Mitsubishi Starion

Mitsubishi Starion
Mitsubishi Starion
Mitsubishi Starion
Manufacturer Mitsubishi Motors
Also called Mitsubishi Colt Starion
Chrysler Conquest
Dodge Conquest
Plymouth Conquest
Production 1982–1989
Assembly Nagoya, Aichi, Japan
Predecessor Mitsubishi Galant Lambda GSR
Successor Mitsubishi GTO/3000GT
Class Sports car
Body style 3-door coupé
Platform FR layout
Engine 4G63 2.0 L I4
4G54 2.6 L I4
Transmission 5-speed manual
4-speed automatic
Wheelbase 2,435 mm (95.9 in)
Length 4,410 mm (173.6 in) (1982–87)
4,400 mm (173.2 in) (1988–90)
Width 1,685 mm (66.3 in) (narrowbody)
1,745 mm (68.7 in) (widebody)
1,735 mm (68.3 in) (1988–89)
Height 1,320 mm (52.0 in) (1982–87)
1,275 mm (50.2 in) (1988–89)
Curb weight 1,260 kg (2,800 lb) (narrowbody)
1,340 kg (3,000 lb) (widebody)

The Mitsubishi Starion is a two-door, turbocharged four-cylinder rear-wheel drive four-seat sports car that was in production from 1982 to 1989. It was also marketed in North America as the Conquest under the Chrysler, Dodge, and Plymouth names; both the Starion and Conquest came to an end in 1989. Although preceded by earlier turbocharged designs such as the Porsche 930 (1975), Saab 99 (1978) and the Mitsubishi Lancer EX 2000 Turbo (1980), it is considered to be one of the originators of the modern Japanese turbocharged performance automobile genre.[1][2]

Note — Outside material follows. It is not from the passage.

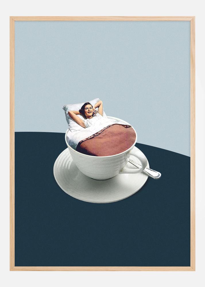 Denne originale og fantasifulle plakaten portretterer en kvinne som ser ut til å nyte et avslappet øyeblikk i et uvanlig miljø: hun ligger komfortabelt i en hvit kopp fylt med kaffe, omgitt av et beroligende blått rom som antyder morgengry. Koppens størrelse i forhold til kvinnen skaper en surrealistisk følelse, og hennes avslappede holdning i sengetøy tilfører en touch av hverdagskomfort og humor til scenen.

The "Starion" name is claimed by Mitsubishi to be a contraction of "Star of Orion", although an urban legend claims that it was intended to be stallion, as a result of an "Engrish" mistranslation.[2][3]



The Starion's appearance in 1982 occurred during a period in which a number of Japanese Grand Tourer (GT) sports cars were increasing in popularity. Nearly every major Japanese manufacture put their hats into the ring. Mitsubishi produced the turbocharged Starion as their entry into the competition. Its most direct competitors were the Nissan Z cars, Mazda RX-7 and Toyota Supra. The car is often compared to the Porsche 924 and 944 turbo models, with which shares many qualities.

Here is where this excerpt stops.